Comfort was the highest-ranked attribute in sports garments, followed by fit for both men and women (Fowler, 1999). While not all sportswear studies rank apparel attributes, fit, comfort, mobility, donning and doffing, and performance were common attributes reported in prior research (Bye & Hakala, 2005; Chae & Evenson, 2014; Jin & Black, 2012; Michaelson et al., 2020, 2018a, 2018b). Sportswear fit is impacted by improperly sized garments and restricted mobility which affects sports performance and can be a safety issue in some sports (Bye & Hakala, 2005; Chae & Evenson, 2014; Ho & Au, 2016; Jin & Black, 2012; Kwok et al., 1999; McCann, 2016; Michaelson et al., 2020, 2018a, 2018b; Wheat & Dickson, 1999). Comfort is impacted by fabric, fit, improper sizing, and seams in the apparel (Bye & Hakala, 2005; Chae & Evenson, 2014; Feather et al., 1996; Kwok et al., 1999; Michaelson et al., 2020; Perry & Lee, 2017). Donning and doffing are impacted by fabric selection, closures, and fit (Bye & Hakala, 2005; Kwok et al., 1999; Michaelson et al., 2020, 2018a, 2018b). Seam comfort can directly impact fit when discomfort is experienced (Ho & Au, 2016).
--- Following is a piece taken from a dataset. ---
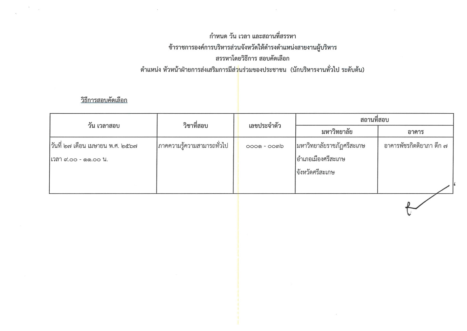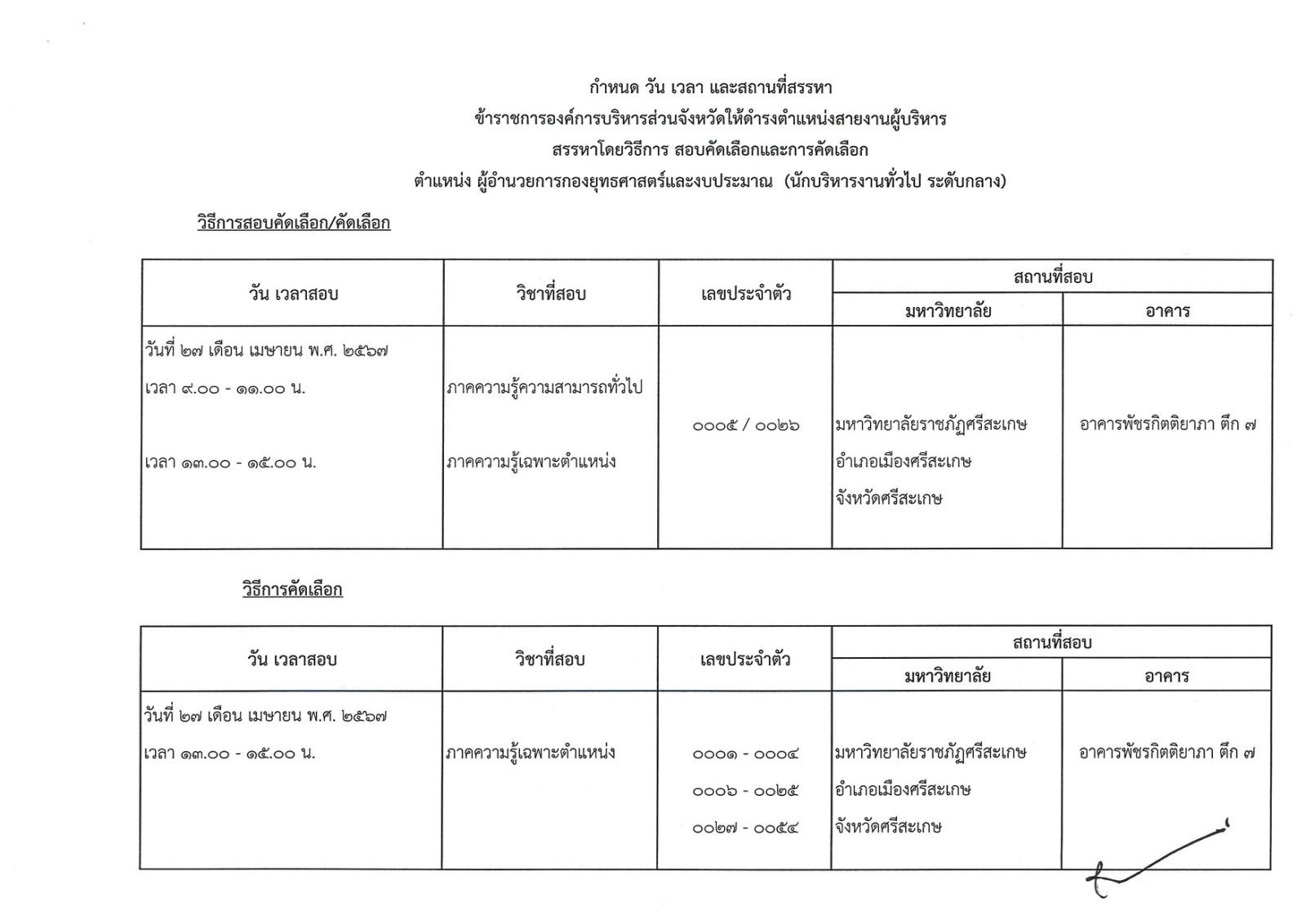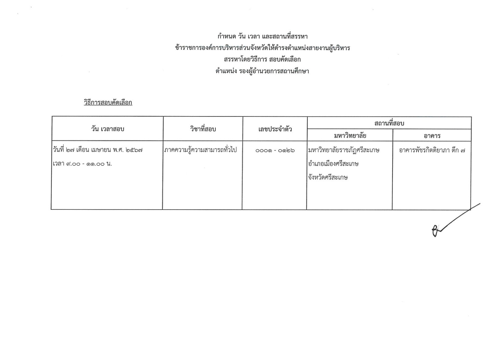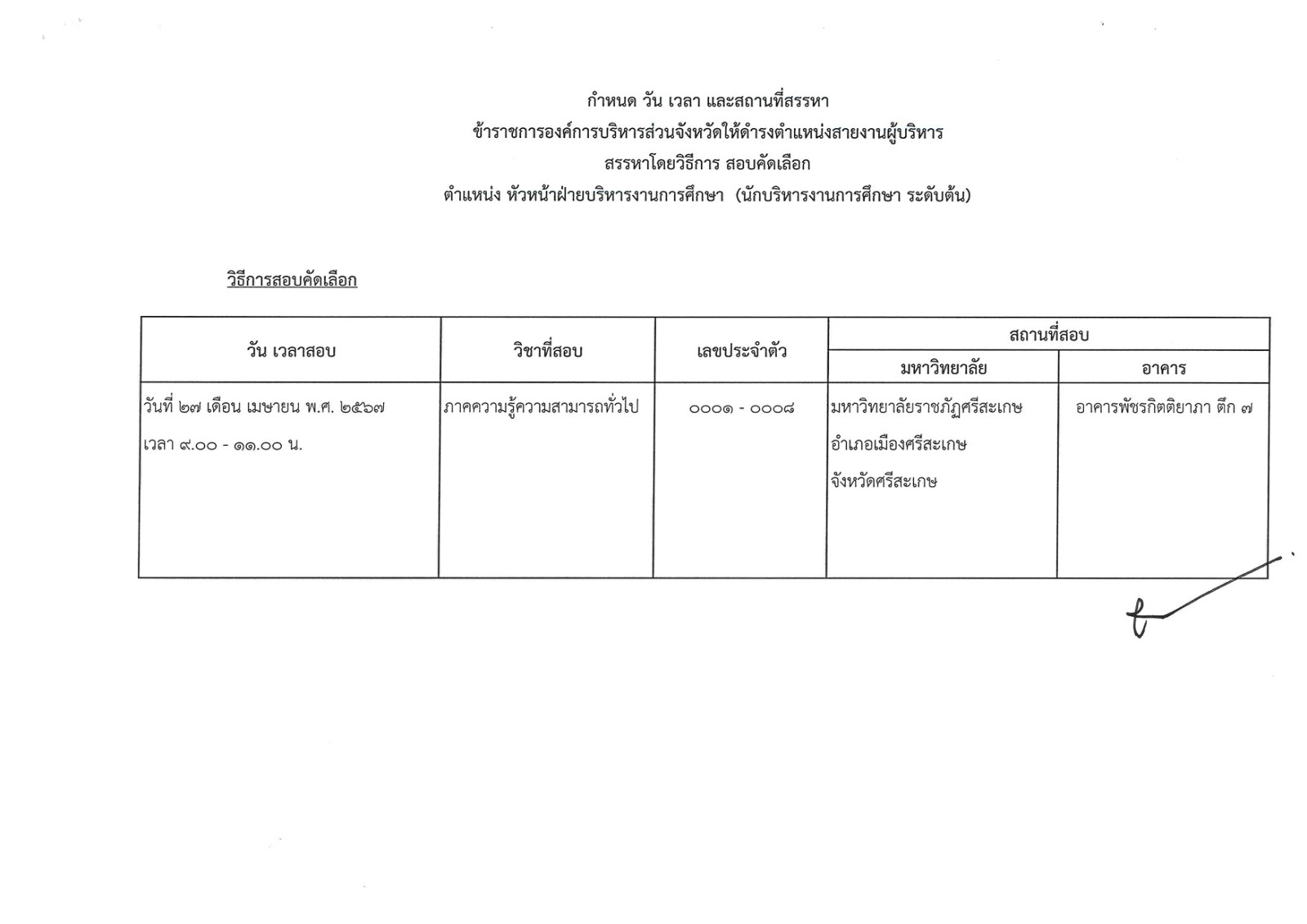 ประกาศคณะอนุกรรมการสรรหาข้าราชการองค์การบริหารส่วนจังหวัด จังหวัดศรีสะเกษ เรื่อง กำหนดวัน เวลา สถานที่สรรหา และระเบียบเกี่ยวกับการสรรหาข้าราชการองค์การบริหารส่วนจังหวัด ให้ดำรงตำแหน่งสายงานผู้บริหาร

Upper body compression garments come in various designs, some with and without shoulder straps. The biomechanical influence of compression garments with shoulder straps cues the athlete to maintain optimal posture and improve scapular alignment. Specifically, the shoulder straps target the posterior shoulder to improve scapular positioning and restore normal shoulder kinematics. Compression garments without shoulder straps are constructed in an attempt to signal or promote activation of the lumbopelvic-hip complex (LPHC) and scapular muscles for better postural alignment of an individual’s shoulders, spine, and trunk (Gascon et al., 2018a, 2018b). This is achieved through a proprioceptive feedback mechanism. Proprioceptive feedback is muscle-joint input that provides information regarding a position in space and/or in relation to objects. The pressure of the posture cueing garment provides cutaneous sensory cues providing input to the central nervous system. These sensory cues will allow specific musculature to signal the body to maintain a more upright and proper posture (Gascon et al., 2018a, 2018b). These posture cueing garments are directly linked to improved athletic performance and have been shown to assist baseball pitchers and tennis athletes during the execution of sport-specific tasks (Gibbs et al., 2014; Zappala et al., 2017). However, limited data supports the kinematic influence of posture cueing garments among athletes during the overhead throw.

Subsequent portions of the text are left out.